Minister of Education, Khyber Pakhtunkhwa, province of Pakistan
- In office 5 September 1997 – 12 October 1999
- President: Justice Retired Muhammad Rafiq Tarar
- Prime Minister: Nawaz Sharif
- Constituency: PF-81, Swat-2
- Majority: Pakistan Muslim League Nawaz (PML-N)

Personal details
- Born: November 30, 1965 Saidu Sharif, Swat (princely state)
- Died: December 28, 2007 (aged 42) Manglawar, Swat
- Resting place: Aqba, Saidu Sharif, Swat 34°45'0N 72°21'0E
- Party: Pakistan Muslim League Nawaz(PML-N)
- Relations: Miangul Jahan Zeb (grandfather)
- Parent: Miangul Amirzeb
- Occupation: Politician

= Miangul Asfandyar Amir Zeb =

Pakistani politician

Miangul Asfandyar Amir Zeb (Pashto: میانگل اسفندیار امیرزېب) (30 November 1965 – 28 December 2007) was a Pakistani politician and a member of the royal family of the former Princely State of Swat, who was killed in an assassination attack by the Taliban during the 2007 skirmishes in Swat.
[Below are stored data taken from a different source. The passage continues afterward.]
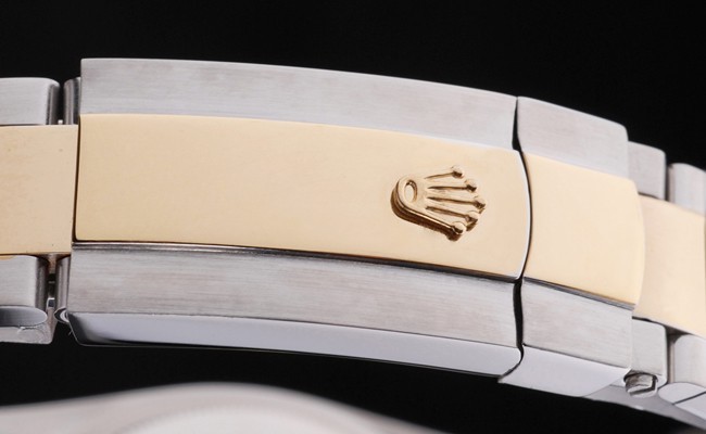 Bracelet: Twee gestemde schakelarmband in geborsteld roestvrij staal en 18k geel goud verguld staal met Rolex gravure vouw- in inzet sluiting weergeven van de Rolex logo
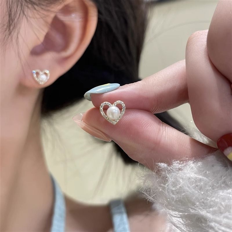 人気のピアス ハートパールピアス女2025年新作ハートピアス優しい雰囲気のハート型ピアス日常 イヤリング
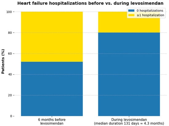 Hospitalizations for decompensated HF were fewer during levosimendan therapy than in the preceding 6 months (Figure 2) In total, 12 hospitalizations occurred before program initiation (48% of patients, corresponding to 0.079 events per patient-month), compared with 5 hospitalizations during levosimendan (20% of patients, 0.035 events per patient-month). This represents an absolute reduction in 7 events and a 28% decrease in the proportion of patients hospitalized (p = 0.033). Given the small sample size, these findings are best interpreted descriptively; p-values are reported as exploratory only.
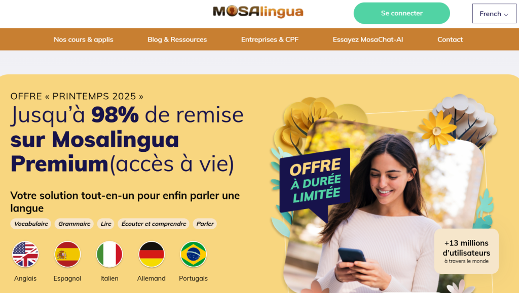 | MosaChat-AI | MosaChat-AI introduces a virtual tutor powered by artificial intelligence, available 24/7. This plan allows users to simulate conversations, receive instant feedback, and practice conversational skills without fear of judgment. | The first 300 minutes are free with a MosaLingua Premium subscription, and additional credits can be purchased for extended practice. |

His assassination was the first high-profile killing by the Taliban militants of Swat, occurring just a day after the killing of Benazir Bhutto.

==Family==
Amir Zeb was the grandson of the former ruler of the Swat, Miangul Jehanzeb, and the former president of Pakistan, Ayub Khan. He was the son of Miangul Amir Zeb (who was a member of the National Assembly of Pakistan in 1977) and a nephew of Miangul Aurang Zeb, former Governor of Khyber Pakhtunkhwa.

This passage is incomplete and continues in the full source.